An easy way to version your objects

Imagine that you have a Customer object that has an Address and a BankAccount. In other words, John lives in Los Angeles and has the bank account number 123456 (V1.0). Imagine then that John decides to move to New York (V1.1) and several months later changes bank accounts (V1.2). Tired of the city stress, he moves to Alaska (V1.3) where he closes his bank account (V1.4) and starts fishing.

How do you keep all this information in your system ? How can you get V1.2 of all your object ? You never delete data, you add version numbers when you make updates, add a timestamp, a version to your class definition (imagine that the Customer class has changed and has different attributes) and, of course, lots of data manipulation and processing to be able to visualise your objects at a certain version.

A couple of years ago I worked on a project that had these exact needs : we couldn?t delete any data but instead version it (versioning becomes tricky when there are several layers of associations and inheritance between objects). The other important requirement was that the versioned data was not accessed very often.

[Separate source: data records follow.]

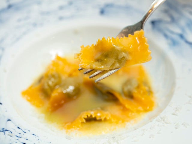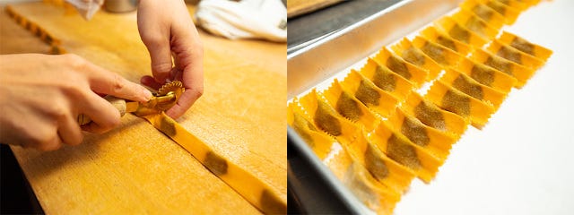 手作りした卵入りのパスタ生地の目を細かく刻むように肉ダネを置き、上にパスタ生地を重ねてカットするのだが、実はこの小さな四角の中には、牛肉、豚肉、うさぎ肉、米、ホウレン草、ちりめんキャベツ、玉ネギ、イタリアンサルシッチャソーセージ、パルミジャーノチーズ、生クリーム、そしてビネガーにハーブ類などなど、驚くほど数多くの食材を煮込み、それを滑らかなペースト状にしたものが入っている。
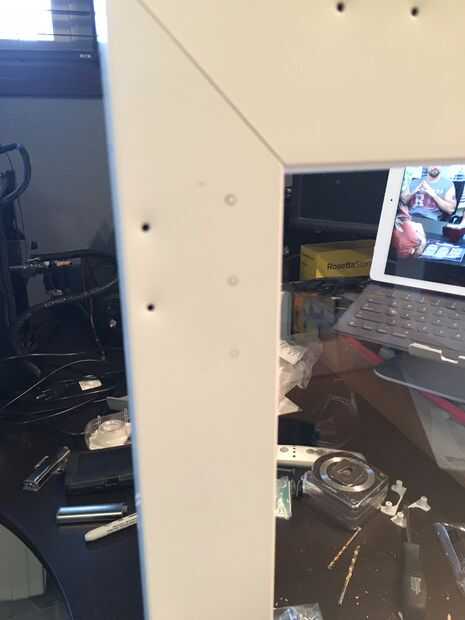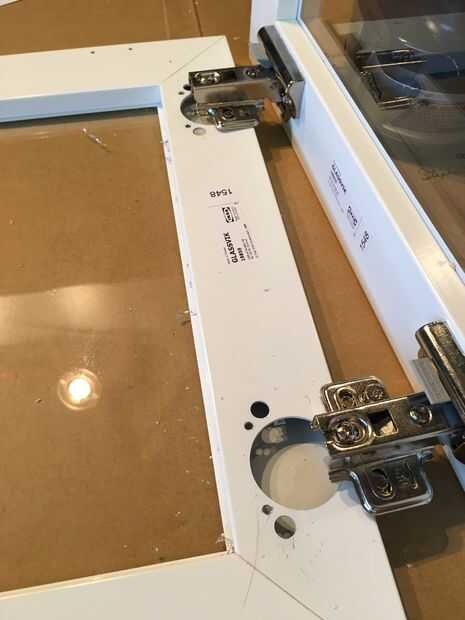 Mientras que usted está construyendo el cuadro de puertas necesita colocar las puertas en maneras que no estaban destinados a ser conectados. Para algunas de las posiciones de la bisagra, que usted será capaz de utilizar el pre corte los orificios y Espiches de plástico para montar al lado de la puerta (parte redonda) de la bisagra. Esto es cómo las bisagras se unen a los dos paneles laterales.
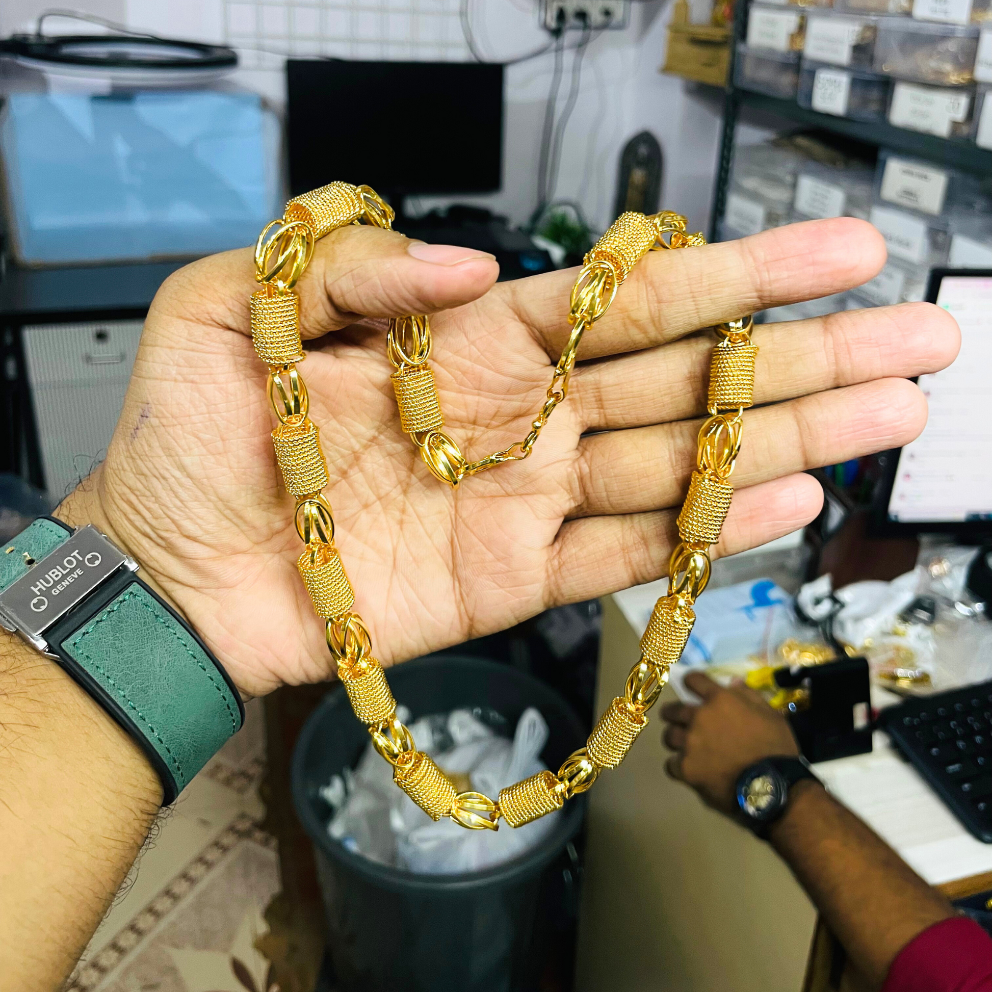 With bold, symmetrical links and a striking finish, this chain is crafted in premium Brass with micro Gold Plating, giving it a rich, high-shine appearance. Its commanding presence and refined build make it a standout piece for any occasion.

Because of that we decided to use something not really efficient but easy to develop : JRCS.

What we did was very simple : we marshalled the Customer objects (and its relationed Address and BankAccount) into an XML stream (using Castor), we used JRCS to version this stream and we stored the XML stream, with the JRCS tags, in a database. JRCS has the same effect as versioning a text file with CVS. If you look at the content of a CVS versioned file you see special tags that tell CVS what piece of text was added/deleted or updated for which version. The same thing happens with JRCS. To retreive your objects at a certain version, you get the XML stream (with JRCS tags) from the database, you ask JRCS to give you the version 1.3 of your Customer object, and you get an XML stream that you unmarshall into your object model.

Of course you will get performance issues if you process huge amounts of data, hundreds time a second. But if you don?t have these counstraints, using JRCS as a versioning tool really helps.